2002 – Unbuilt Dublin – DDDA Pedestrian Bridge

Architect: Mary Laheen Architects



Symbolically the new bridge is seen as an elegant gateway linking the old city of business and power to the new city of international finance and information technology. High leaning arches, spanning 80 metres, delicately balance a gently curved steel deck suspended by finely threaded steel ropes. The structure of the bridge and it¹s mechanical requirements are inspired by recent developments in tilted arch bridges and by the methods of bascule bridge design, such as the Œbucket¹ bridge nearby which used water as a counterweight.

The bridge comprises two elements. Two cantilever sections from each quay and an opening section at the centre 40 metres in length. The opening section of the deck is suspended from the arches by 26 mm diameter steel ropes which are threaded through sheaves concealed within the arches. The cantilevered sections and the arches, which have an elliptical steel section (1200 x 700 mm at the base tapering to 700 x 900 at the crown, with a wall thickness of 20 mm), are all supported from two piled concrete piers in the river located 10 metres equidistant from each quay wall, providing an economic and effective structure.

The opening section of the deck has slung beneath it four 600 mm diameter cylindrical insulated tanks carrying 17000 litres of water. These are full when the deck is down and then as the deck rises the water is released appearing like a waterfall beneath the arches. To raise the deck the arches move apart and the steel ropes pull the deck upwards to leave room for ships to pass beneath.

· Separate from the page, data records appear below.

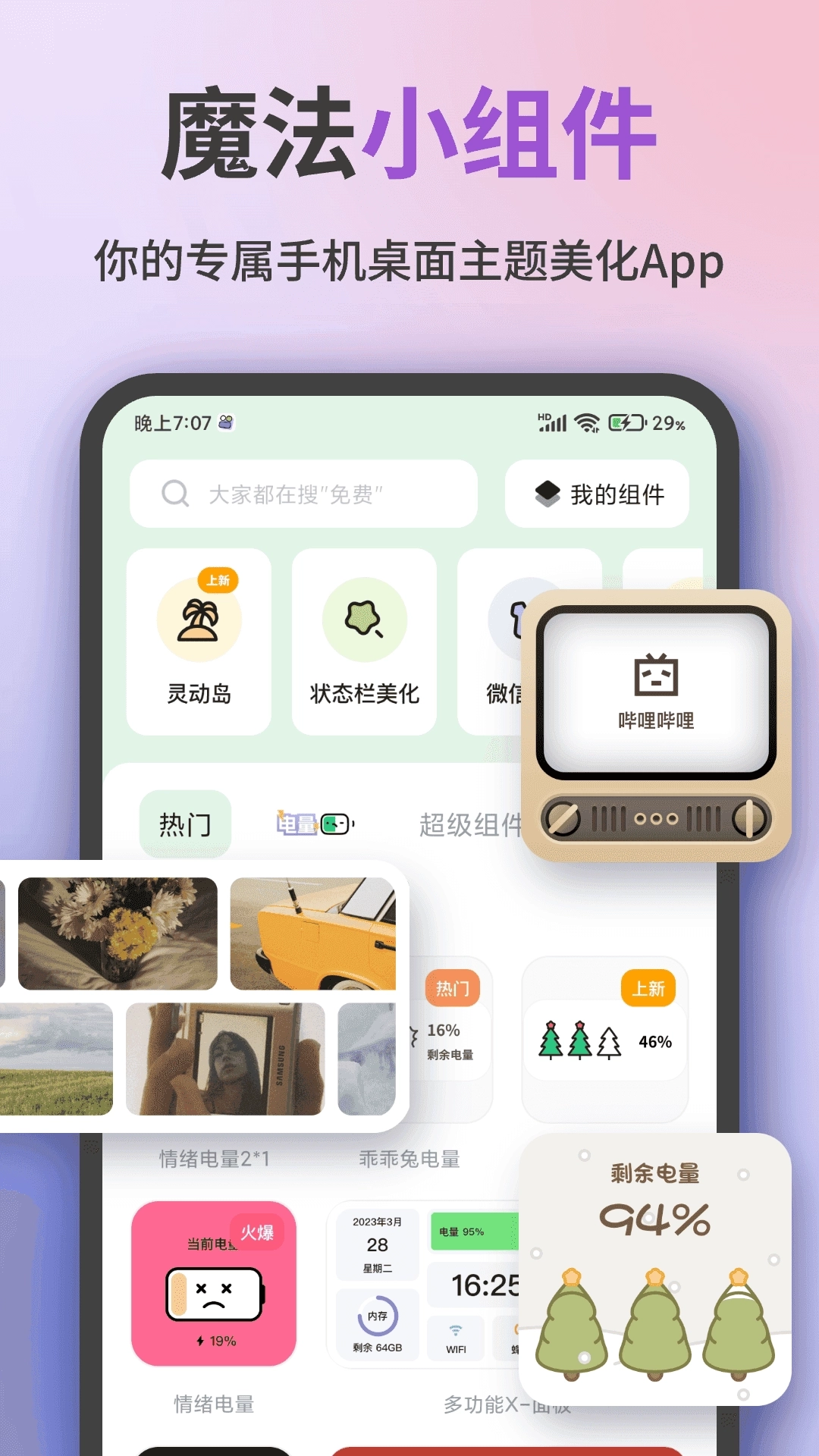 新上线的专属电量、灵动面板小组件和主题壁纸,正等待您的使用!
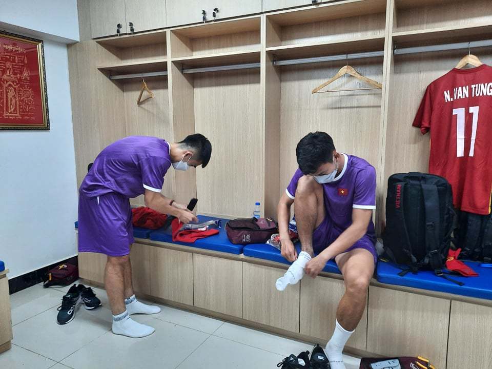 Trận đấu U23 Việt Nam vs U23 Thái Lan bắt đầu vào lúc 19h, nhưng 17h35 Tuấn Tài và Đình Hai – 2/6 sự tiếp viện từ quê nhà, mới có mặt ở phòng thay đồ sau khi di chuyển thẳng từ sân bay về sân nhờ lực lượng hộ tống.
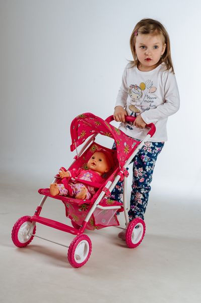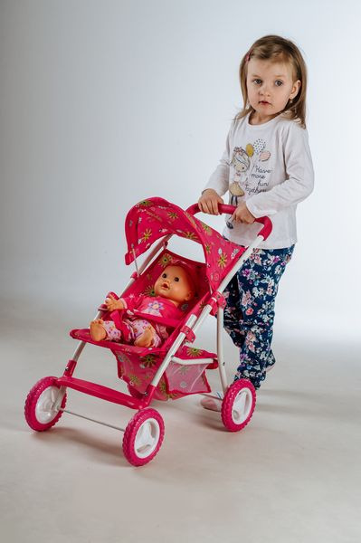 Teddies Kočárek pro panenky sportovní se stříškou kov/plast 58x36x62,5cm v krabici
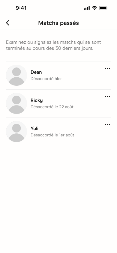 Votre liste d’anciens matchs inclut les profils des utilisateurs avec qui vous vous êtes désapparié ou qui se sont désappariés de vous au cours des 30 derniers jours. Vous pouvez utiliser cette liste pour signaler le compte de quelqu’un qui vous a mis mal à l’aise, inquiété, ou qui a enfreint nos Règles de la communauté.
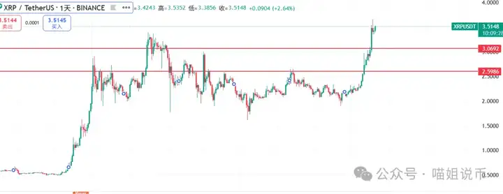XRP 最近挺稳,死守 3.40镁上方支撑位,图形呈现典型的“看涨旗形”。金叉、放量、OBV 多头信号齐出,虽然短线可能震荡一下,但只要不失守 3.12,美术馆般的图形暗示下一站是 4.16 镁。市场情绪偏乐观,就看啥时候突破。
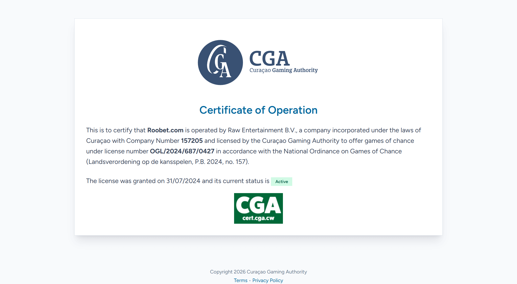 Roobet operates under a Curaçao eGaming framework, with a license number publicly cited as issued under the Government of Curaçao and Antillephone as the supervising entity. For the crypto casino vertical, that’s the standard offshore setup: not as strict as MGA or UKGC, but it does mean there’s at least a formal regulator overseeing fairness, payouts, and operational standards.
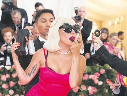 Şarkıcı Lady Gaga, dört kostümü üst üste giydi. Gaga, kırmızı halıda makyaj yapmayı da ihmal etmedi.
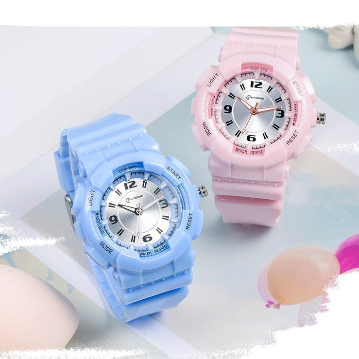 Gear up your teenagers with our Matching Waterproof Sports Watch Set. Designed for their active lifestyle, these watches are water-resistant, ensuring durability during water-based activities. With their sporty and functional design, including features like stopwatch and alarm, they are perfect for keeping track of time while staying active. Embrace the perfect blend of style and functionality with this matching watch set, ideal for teenagers who love sports and adventure.
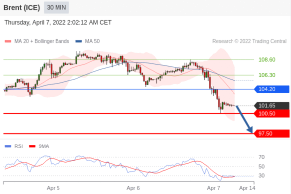交易策略: 在 104.20 之下,看跌,目标价位为 100.50 ,然后为 97.50 。
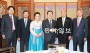 일본관광협회 회장 니시다 아쓰토시 도시바그룹 회장(왼쪽에서 다섯 번째)과 남상만 한국관광협회 회장(왼쪽에서 네 번째)이 13일 서울 종로구 와룡동 한국전통음식연구소(소장 윤숙자·왼쪽에서 세 번째)에서 만찬을 하면서 한일 관광교류 증진 방안에 관해 의견을 교환했다. 니시다 회장은 방한 중 LG그룹 구본무 회장과 삼성전자 이재용 사장을 만나 전자산업 동향 등에 관해서도 환담했다. 신원건 기자 laputa@donga.com}
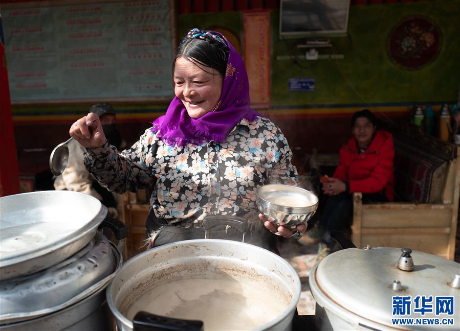 雙湖縣嘎措鄉牧民貢桑曲珍在餐館里為客人盛飯(1月31日攝)。新華社記者 普布扎西 攝
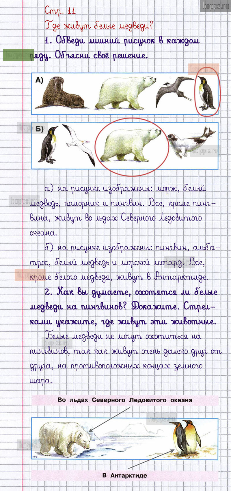 Подробные ответы к заданиям, расположенным на 11 странице 2 части рабочей тетради 2013 года по окружающему миру автора Плешаков А.А. для учащихся 1 класса.
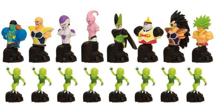 ▼黑棋這一方的國王皇后分別是普烏、賽魯,主教是弗利沙和人造人19號,騎士是拉帝茲、那霸,城堡是布羅利與波杰克,小兵則是栽培人。
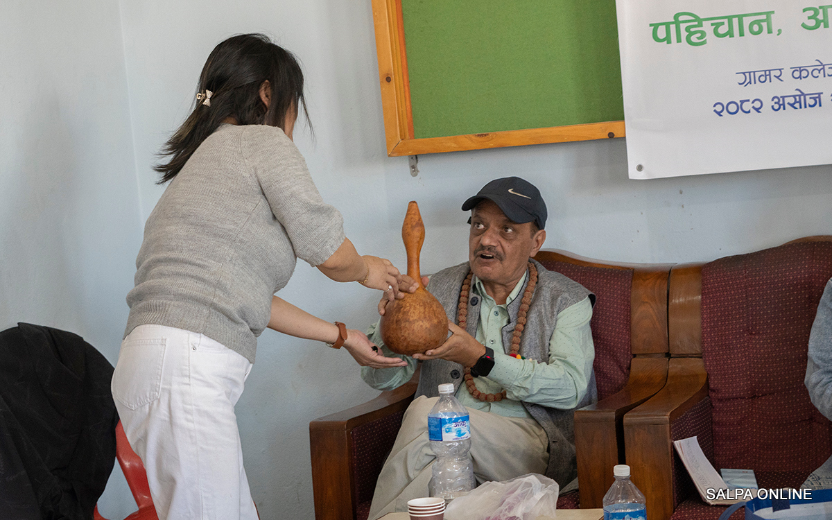 सुप्तुलुङ (तिनचुला)मा आगो बालेर उद्घाटन गरिएको कार्यक्रममा चिन्डोभित्र कोदोको रक्सी राखेर सबै सहभागीलाई पालैपालो सत्कारका रूपमा पिउन दिइँदै थियो।
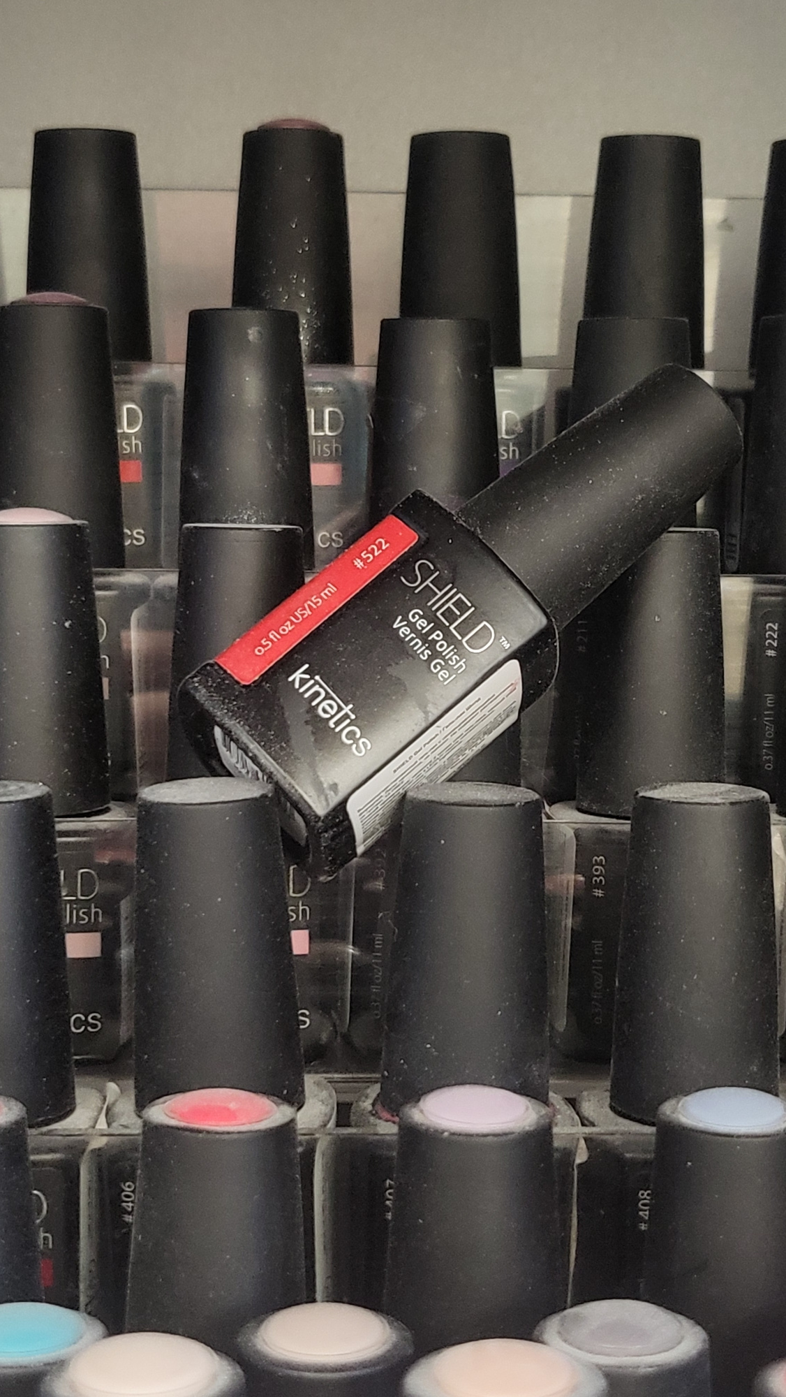 The image displays a close-up, overhead view of numerous nail polish bottles, predominantly featuring black caps and clear glass bodies, organized within a rack or display unit. One bottle is lying di…read more

The weight of the arches is balanced by the weight of the deck and water. Releasing the water lightens the deck and allows the arches to spread and the deck to rise. The movement of the arches is critical and needs to be symmetrical. Therefore, the lifting mechanism will be geared and fail safe and will be controlled by synchronised motors located in the abutments linked to the pivot on which the arches rotate. A small control booth is located on the north quay from which the mechanism can be activated.

The release of the water is activated by a mechanical rotating arm which turns the four tanks simultaneously and in a controlled manner away from each other and towards the river west and east of the bridge. The rotation causes a sheet of water to spill out over the edge of the tank until it has completed its 180 deg. rotation and the opening slit is now facing downward toward the river. To close the bridge, the tanks are rotated through a further 180 deg until the opening slit is again upright and under the deck. Filtered water from the river is now pumped into the 4 tanks simultaneously. As this occurs the deck moves downward to the closed position.

One imagines that the opening of the bridge will be a public event or spectacle – people may want to stand and watch the water falling to the river and the movement of the arches.

River traffic:

When the bridge is in the open position the air draught is 23.5 metres at Mean Low Water Mark Spring Tide, and 20.5 metres at Mean Low Water Mark Neap Tide. When the bridge is closed the distance between the soffit level of the deck and the water is 6.5 metres at Mean Low Water Mark Spring Tide and 3.5 metres at Mean Low Water Mark Neap Tide. At worst condition ( Mean High Water Mark Spring Tide) the distance is 1.6 metres approx.


The deck is gently curved and is directly and easily accessible from the quayside and the access is the same for everyone. Proposals for the development of the campshire surrounding the bridge landing points are included in the plans. It is assumed that there will be pedestrian crossings at these points. Accessing the bridge in an easy and relaxed manner is crucial to the success of the bridge as a civic amenity. It should be as simple as turning a corner and walking down a street. The deck itself is finished in oak on an aggregate base. The hand rail is a generous, shaped, oak rail which also encourages leaning for viewing. The balustrade is painted steel.


The bridge deck is lit via vertical fluorescent tubes located at 1.5m centres in the balustrade upstands. The fittings are set back within the upstands and are protected at the front by a stainless steel mesh stretched across the two upstand uprights. These throw horizontal bands of light across the deck.
Floodlights mounted on the piers are directed upwards along the arches. The steel ropes are illuminated by smaller floodlights mounted on the edge of the deck outside the handrails. The flood lights pick out the structure but in addition provide spill lighting to supplement the deck lighting.